TASK INSTRUCTIONS:
Look through the records below for the line with "Esequie, Funerale, Mortorio, Sepoltura". Return that line and each one after it up to and including the line with "Na zakończenie spotkania", exactly.

SUPPLIED MATERIAL:
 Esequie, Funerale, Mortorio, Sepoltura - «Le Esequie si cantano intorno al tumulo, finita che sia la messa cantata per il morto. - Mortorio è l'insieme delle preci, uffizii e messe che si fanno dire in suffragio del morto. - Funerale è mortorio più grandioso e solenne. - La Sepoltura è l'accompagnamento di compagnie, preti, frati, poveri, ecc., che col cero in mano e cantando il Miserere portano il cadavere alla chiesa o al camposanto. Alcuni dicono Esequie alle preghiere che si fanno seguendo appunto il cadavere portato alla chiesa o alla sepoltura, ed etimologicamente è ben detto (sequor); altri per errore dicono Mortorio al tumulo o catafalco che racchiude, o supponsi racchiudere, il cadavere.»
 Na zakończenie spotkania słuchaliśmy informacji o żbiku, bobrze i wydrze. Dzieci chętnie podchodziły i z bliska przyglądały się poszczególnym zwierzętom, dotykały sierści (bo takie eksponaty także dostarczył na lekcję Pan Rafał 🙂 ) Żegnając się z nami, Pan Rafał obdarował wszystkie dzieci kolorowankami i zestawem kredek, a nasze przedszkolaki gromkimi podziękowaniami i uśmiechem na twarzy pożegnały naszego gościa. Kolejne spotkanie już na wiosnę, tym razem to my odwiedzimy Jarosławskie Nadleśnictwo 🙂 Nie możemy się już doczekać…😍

...

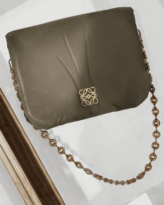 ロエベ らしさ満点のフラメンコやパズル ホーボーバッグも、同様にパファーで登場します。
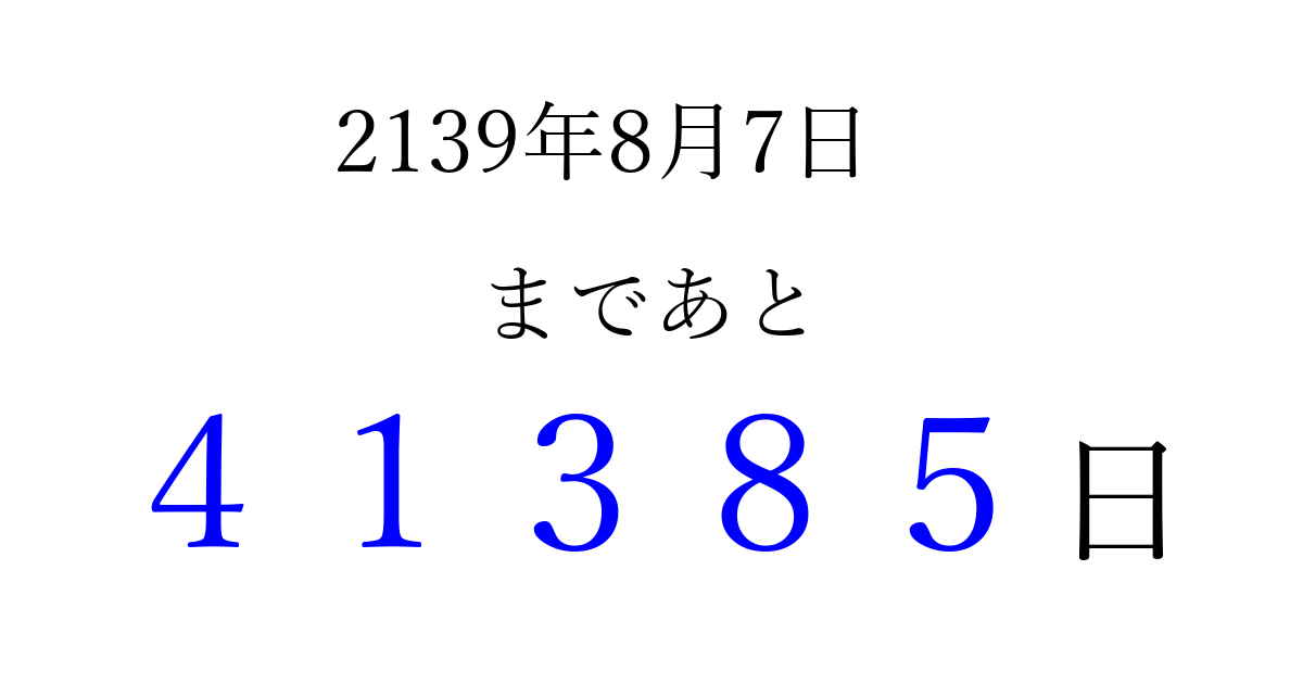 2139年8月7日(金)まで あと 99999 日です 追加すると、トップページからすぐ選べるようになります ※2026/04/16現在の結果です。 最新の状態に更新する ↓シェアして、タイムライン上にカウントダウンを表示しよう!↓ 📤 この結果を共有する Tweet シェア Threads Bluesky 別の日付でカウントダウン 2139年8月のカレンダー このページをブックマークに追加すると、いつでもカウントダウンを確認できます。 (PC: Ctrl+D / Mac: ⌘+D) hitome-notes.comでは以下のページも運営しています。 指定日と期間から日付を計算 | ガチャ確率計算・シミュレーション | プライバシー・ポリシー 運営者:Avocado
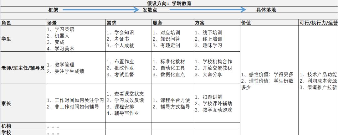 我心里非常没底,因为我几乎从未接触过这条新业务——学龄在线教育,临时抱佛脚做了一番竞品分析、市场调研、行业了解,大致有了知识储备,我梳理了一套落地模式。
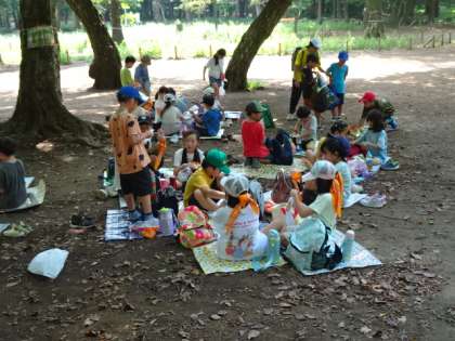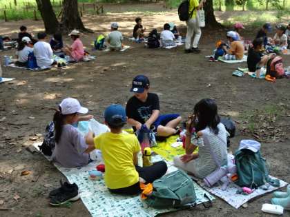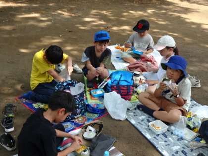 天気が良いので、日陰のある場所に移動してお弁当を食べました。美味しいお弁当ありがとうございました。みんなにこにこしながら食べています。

OUTPUT FOR THIS EXERCISE:
 Esequie, Funerale, Mortorio, Sepoltura - «Le Esequie si cantano intorno al tumulo, finita che sia la messa cantata per il morto. - Mortorio è l'insieme delle preci, uffizii e messe che si fanno dire in suffragio del morto. - Funerale è mortorio più grandioso e solenne. - La Sepoltura è l'accompagnamento di compagnie, preti, frati, poveri, ecc., che col cero in mano e cantando il Miserere portano il cadavere alla chiesa o al camposanto. Alcuni dicono Esequie alle preghiere che si fanno seguendo appunto il cadavere portato alla chiesa o alla sepoltura, ed etimologicamente è ben detto (sequor); altri per errore dicono Mortorio al tumulo o catafalco che racchiude, o supponsi racchiudere, il cadavere.»
 Na zakończenie spotkania słuchaliśmy informacji o żbiku, bobrze i wydrze. Dzieci chętnie podchodziły i z bliska przyglądały się poszczególnym zwierzętom, dotykały sierści (bo takie eksponaty także dostarczył na lekcję Pan Rafał 🙂 ) Żegnając się z nami, Pan Rafał obdarował wszystkie dzieci kolorowankami i zestawem kredek, a nasze przedszkolaki gromkimi podziękowaniami i uśmiechem na twarzy pożegnały naszego gościa. Kolejne spotkanie już na wiosnę, tym razem to my odwiedzimy Jarosławskie Nadleśnictwo 🙂 Nie możemy się już doczekać…😍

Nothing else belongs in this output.